For instance, since his election into office in 2015, President Muhammadu Buhari has never taken any level of medical treatment in the country, including ear infection! He has always flown to the UK. So also do his cabinet members, governors and all classes of political leaders.
The overdependence on UK means continued flow of Nigerian resources to the British banks. This is a clear deviation from other countries like Israel, Japan and China that suffered daunting setbacks but quickly steered into paths of rapid growth.
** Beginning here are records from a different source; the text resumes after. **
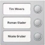 Für modulare Türstationen und Briefkastensysteme. Steuerelektronik für die Adressierung der Klingeltasten. Namensschilder über LED beleuchtet und beschriftbar. Steckbare Busverbinder zum Anschluss an die Buslinie der Türstation. Stecker zum Anschluss weiterer Funktionsmodule. Einbauabmessungen 95x95x33 mm (BxHxT). Abmessungen Schriftfeld 56×37 mm (BxH). Zubehör Rückmeldeplatine 18799xx für akustische Rückmeldung. Farbe silber.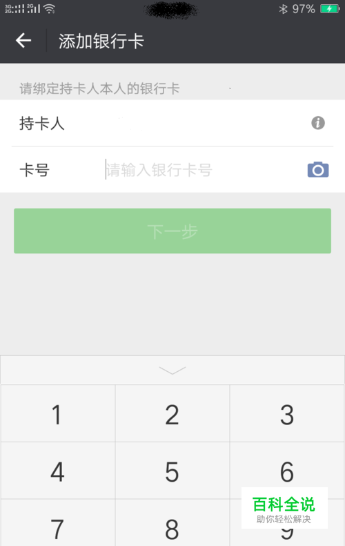 在手机下方显示的数字键盘内输入持卡人的卡号。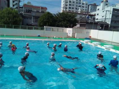 5年生が、服を着たままプールに入っています。本校では毎年、全学年で着衣泳の時間を設定しています。

Japan overcame Hiroshima and Nagasaki bombs and advanced to become a global industrial superpower, competing and pushing back adversaries with commercial prowess. India is powering forward despite the colonial setbacks. China is also challenging the gloom of the past with the opportunities of the present. And despite limited land, sea and human resources, Israel has not just remains economically stable but proved strong in the midst of distracting enemies.
But Africa, especially Nigeria, has remained where colonial masters left it: locked in atrocious hegemonies that that sustain endless rounds of power tussle, civil war, hunger, diseases, repressive governments, corruption and poverty. The continent has been kept in poverty by its own governments, definitely no longer the British or European masters.
Therefore while we allow God to subject Queen Elizabeth II to appraisal and accountability for imperial colonial exploits and associated irreparable pains caused by enterprises of the British Empire, the contemporary leaders of Africa must demonstrate that the continent is now free!